- Directions for this task
The listing below holds pictures; exclude them. Return exactly the lines from the one with "Invitación del Partido" through the one with "DENIM AND FAUX LEATHER TRENCHCOAT".

- Supplied records

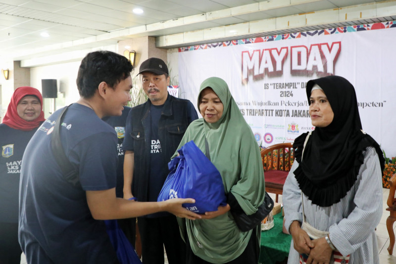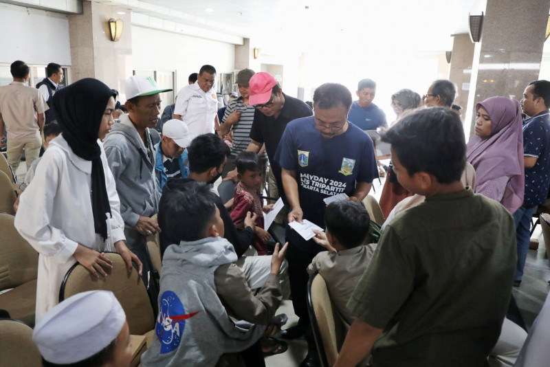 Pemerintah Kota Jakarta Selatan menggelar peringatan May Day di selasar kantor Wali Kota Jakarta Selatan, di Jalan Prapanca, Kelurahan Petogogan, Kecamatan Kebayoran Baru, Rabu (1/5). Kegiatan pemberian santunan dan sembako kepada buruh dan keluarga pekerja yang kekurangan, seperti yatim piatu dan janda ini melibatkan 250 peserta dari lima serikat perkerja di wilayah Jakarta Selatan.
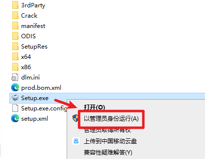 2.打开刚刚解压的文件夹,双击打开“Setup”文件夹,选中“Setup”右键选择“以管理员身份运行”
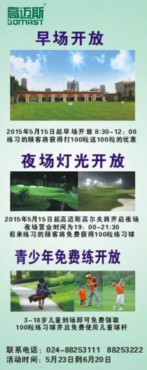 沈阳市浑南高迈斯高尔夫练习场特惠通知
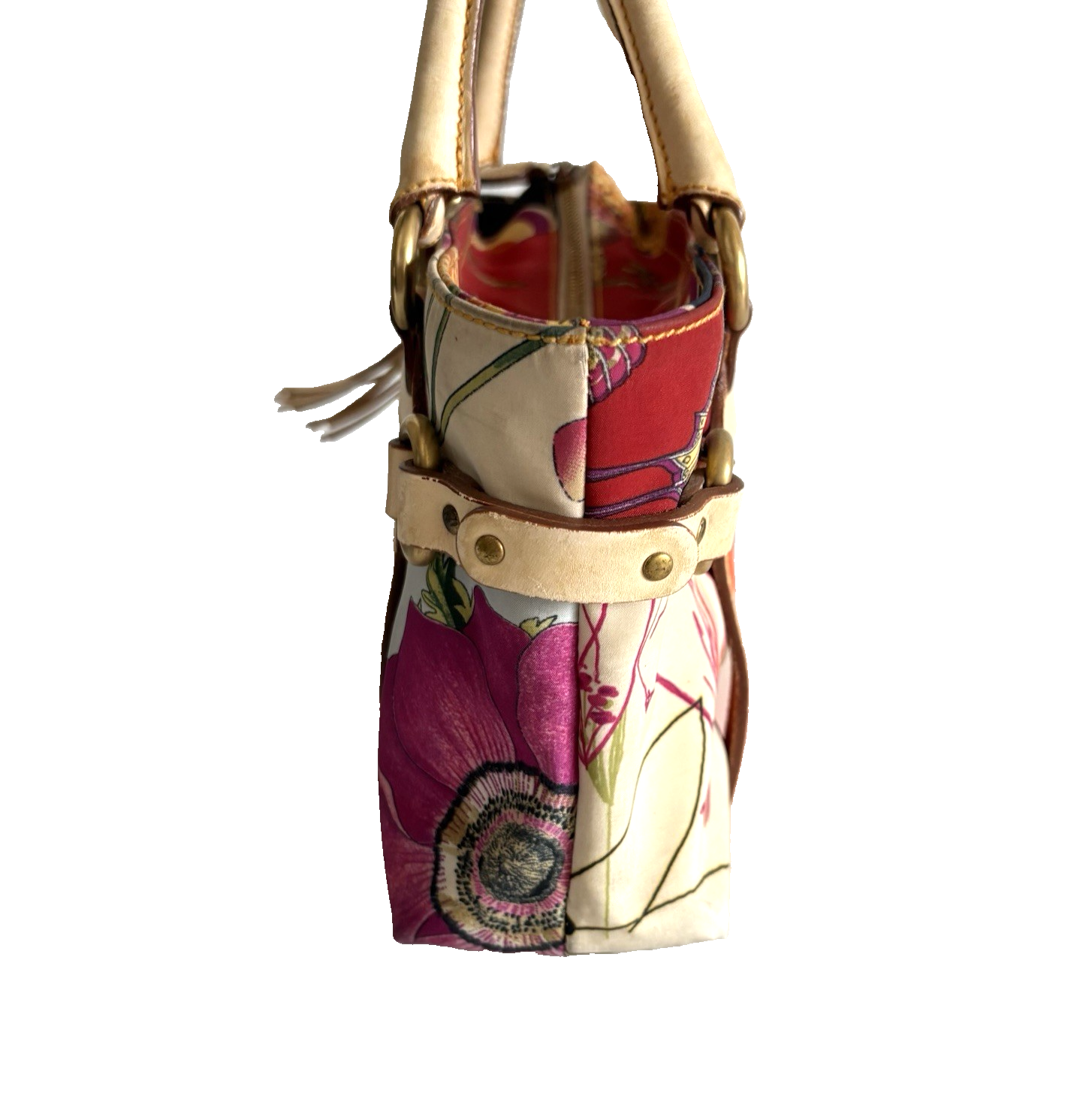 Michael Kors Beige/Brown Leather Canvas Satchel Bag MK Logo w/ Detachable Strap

---

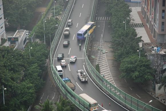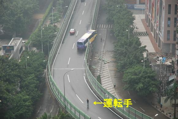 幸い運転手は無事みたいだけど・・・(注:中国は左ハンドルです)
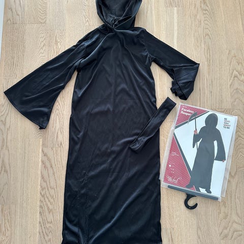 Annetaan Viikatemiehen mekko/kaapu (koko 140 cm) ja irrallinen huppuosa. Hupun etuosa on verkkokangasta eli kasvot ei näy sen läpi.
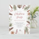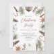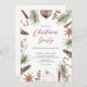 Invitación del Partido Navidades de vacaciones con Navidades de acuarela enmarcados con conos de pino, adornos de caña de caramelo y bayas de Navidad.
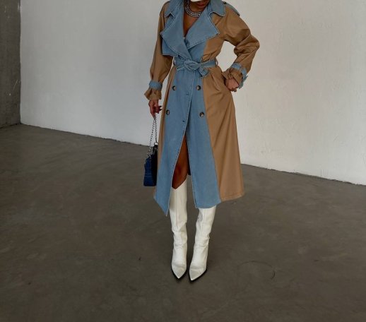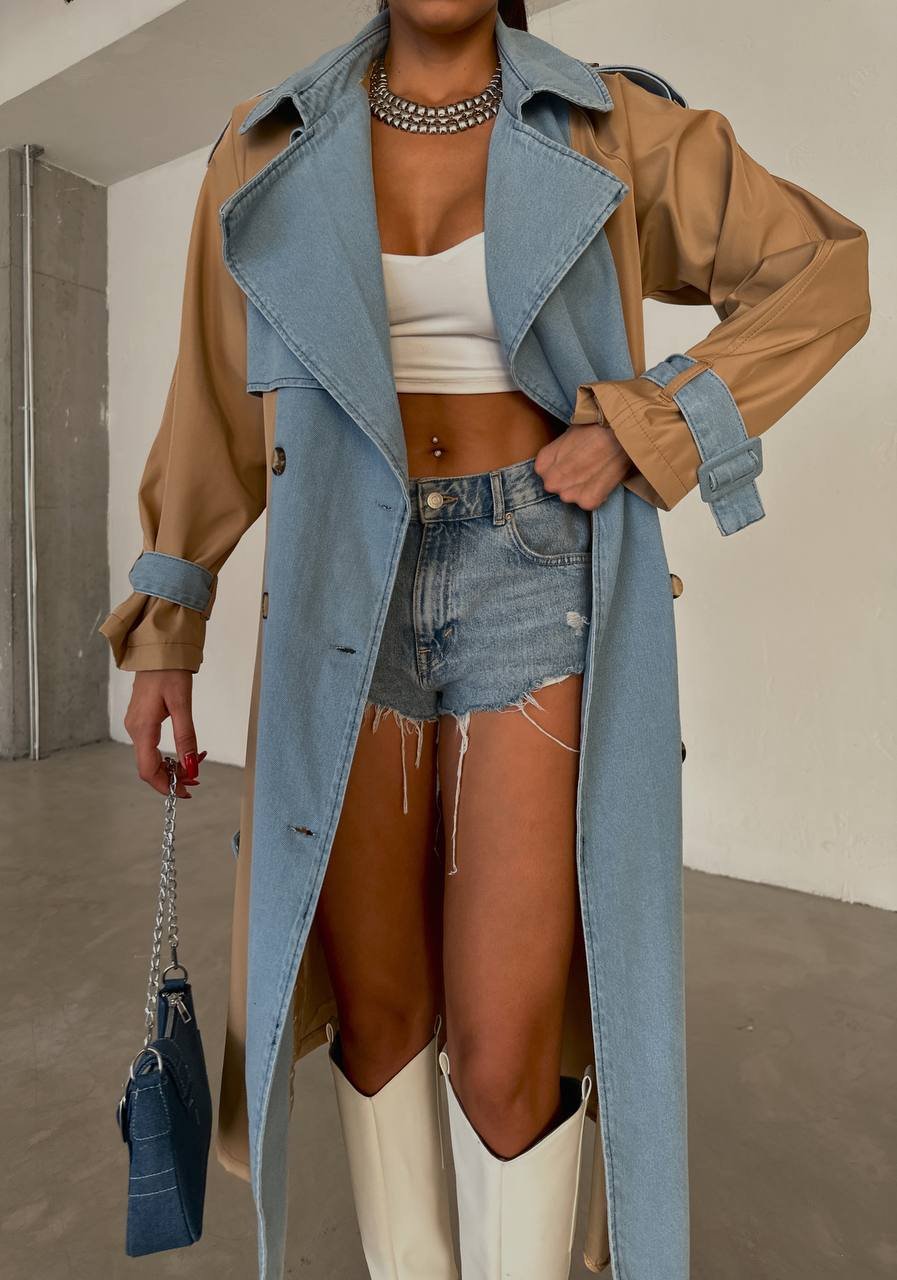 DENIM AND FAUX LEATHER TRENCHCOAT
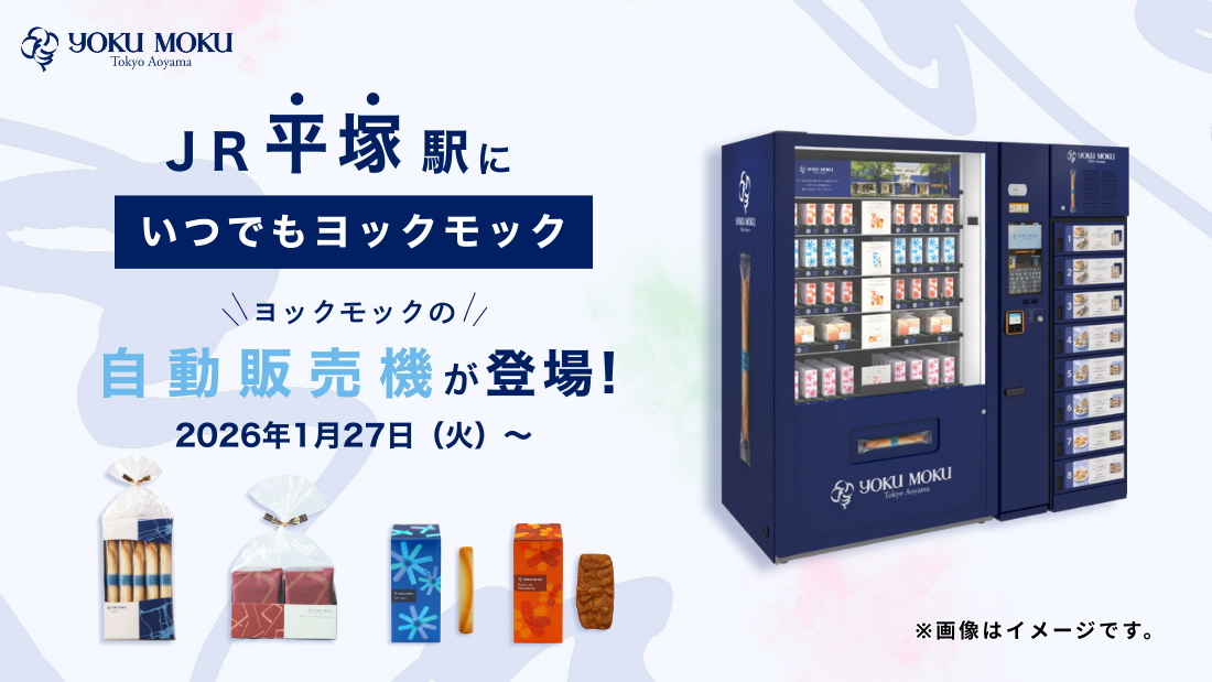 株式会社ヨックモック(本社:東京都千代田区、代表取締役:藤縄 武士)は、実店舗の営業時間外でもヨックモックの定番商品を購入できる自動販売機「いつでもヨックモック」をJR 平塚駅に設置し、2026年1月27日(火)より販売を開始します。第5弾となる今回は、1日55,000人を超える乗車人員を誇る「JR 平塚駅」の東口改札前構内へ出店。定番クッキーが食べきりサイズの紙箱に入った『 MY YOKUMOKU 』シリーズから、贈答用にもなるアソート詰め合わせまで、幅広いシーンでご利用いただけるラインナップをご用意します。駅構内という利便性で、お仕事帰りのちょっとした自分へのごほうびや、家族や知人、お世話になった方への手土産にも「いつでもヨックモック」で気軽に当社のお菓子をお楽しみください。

==

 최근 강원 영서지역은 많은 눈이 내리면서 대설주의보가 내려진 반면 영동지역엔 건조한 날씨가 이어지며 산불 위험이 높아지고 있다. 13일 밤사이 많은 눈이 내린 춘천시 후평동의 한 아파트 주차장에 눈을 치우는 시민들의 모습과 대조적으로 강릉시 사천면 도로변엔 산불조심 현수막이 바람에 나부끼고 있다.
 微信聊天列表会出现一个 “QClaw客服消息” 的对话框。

- Solution to the problem
 Invitación del Partido Navidades de vacaciones con Navidades de acuarela enmarcados con conos de pino, adornos de caña de caramelo y bayas de Navidad.
 DENIM AND FAUX LEATHER TRENCHCOAT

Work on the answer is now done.